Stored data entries
———
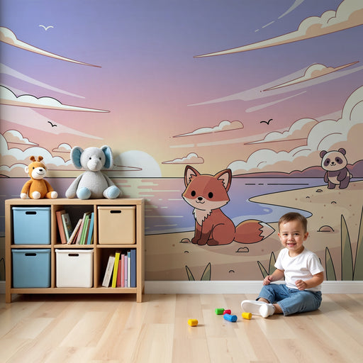 Εμφάνιση όλων των λεπτομερειώνΧαρτί τοίχου παιδικό δωμάτιο | Αλεπού και πάντα στην παραλία
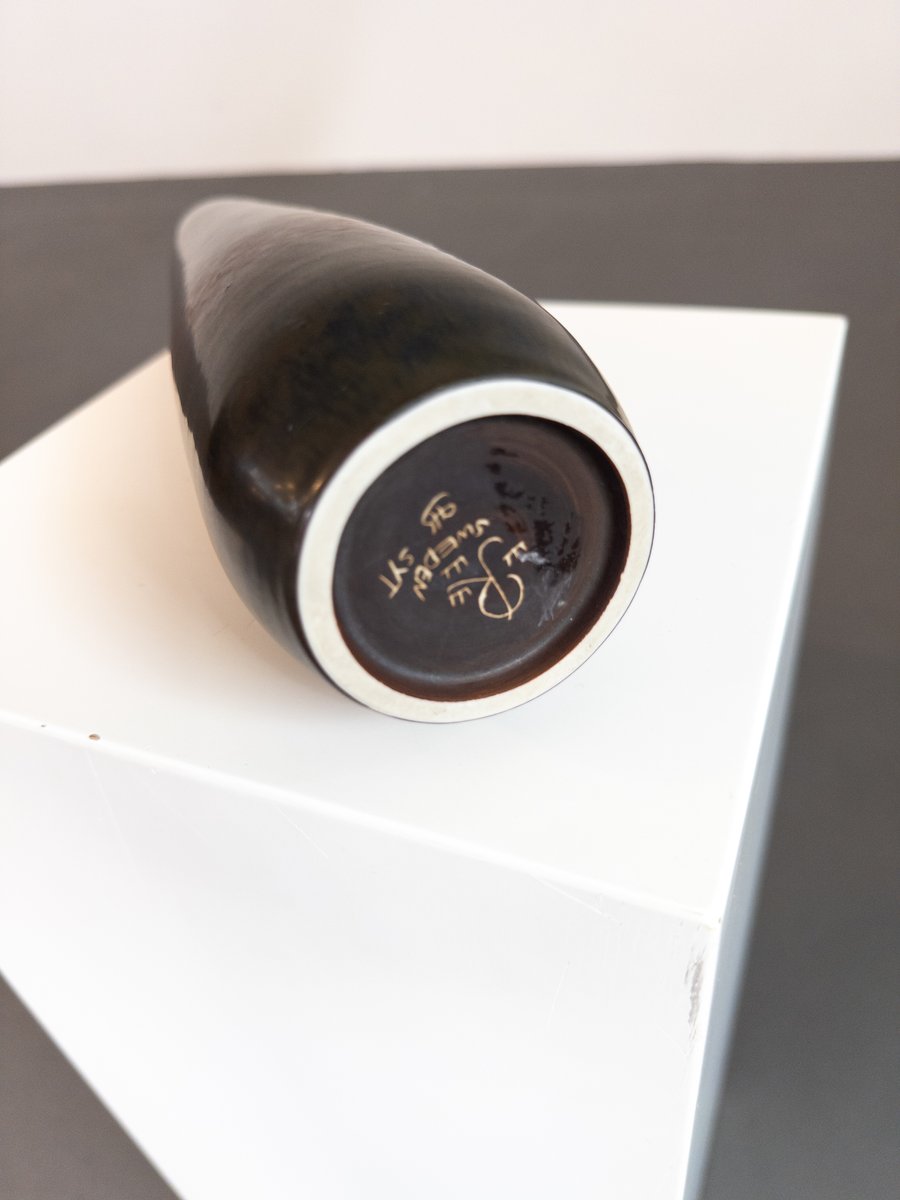 Born in 1920 in Mariestad, Sweden, Stålhane began working at Rörstrand in 1939 as a decorative painter, assisting Danish-Finnish ceramic artist, designer, and sculptor Gunnar Nylund (1904-1997). During this time, Stålhane decorated various ceramic pieces, most notably Nylund’s Flambé range (1939s), quickly establishing himself as a talented ceramic artist. Inspired by the desire for new products during the postwar economic boom, Stålhane went from being a talented decorator to an exceptional ceramic artist.
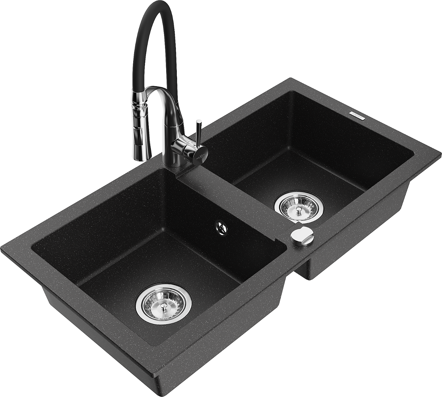 Mexen Mario zlewozmywak granitowy 2-komorowy z baterią kuchenną Aster, czarny/srebrny metalik - 6504-73-73450-07
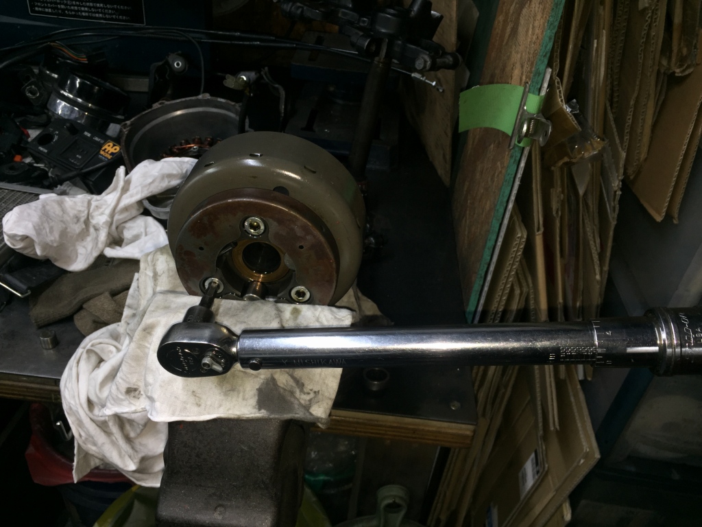 スタータークラッチは、締め付けトルクを確認します。少し緩めでした。
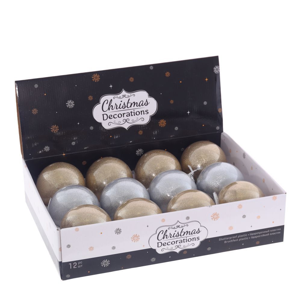 Набор из 12-ти шаров для елки в шоу-боксе. Эти новогодние шары из пластика, непременно порадуют вас своим изяществом и прекрасно дополнят праздничный наряд лесной красавицы.
———
*What you will do*: Please set down the data above exactly as given, leaving every picture out.

*Result of this exercise*:
 Εμφάνιση όλων των λεπτομερειώνΧαρτί τοίχου παιδικό δωμάτιο | Αλεπού και πάντα στην παραλία
 Born in 1920 in Mariestad, Sweden, Stålhane began working at Rörstrand in 1939 as a decorative painter, assisting Danish-Finnish ceramic artist, designer, and sculptor Gunnar Nylund (1904-1997). During this time, Stålhane decorated various ceramic pieces, most notably Nylund’s Flambé range (1939s), quickly establishing himself as a talented ceramic artist. Inspired by the desire for new products during the postwar economic boom, Stålhane went from being a talented decorator to an exceptional ceramic artist.
 Mexen Mario zlewozmywak granitowy 2-komorowy z baterią kuchenną Aster, czarny/srebrny metalik - 6504-73-73450-07
 スタータークラッチは、締め付けトルクを確認します。少し緩めでした。
 Набор из 12-ти шаров для елки в шоу-боксе. Эти новогодние шары из пластика, непременно порадуют вас своим изяществом и прекрасно дополнят праздничный наряд лесной красавицы.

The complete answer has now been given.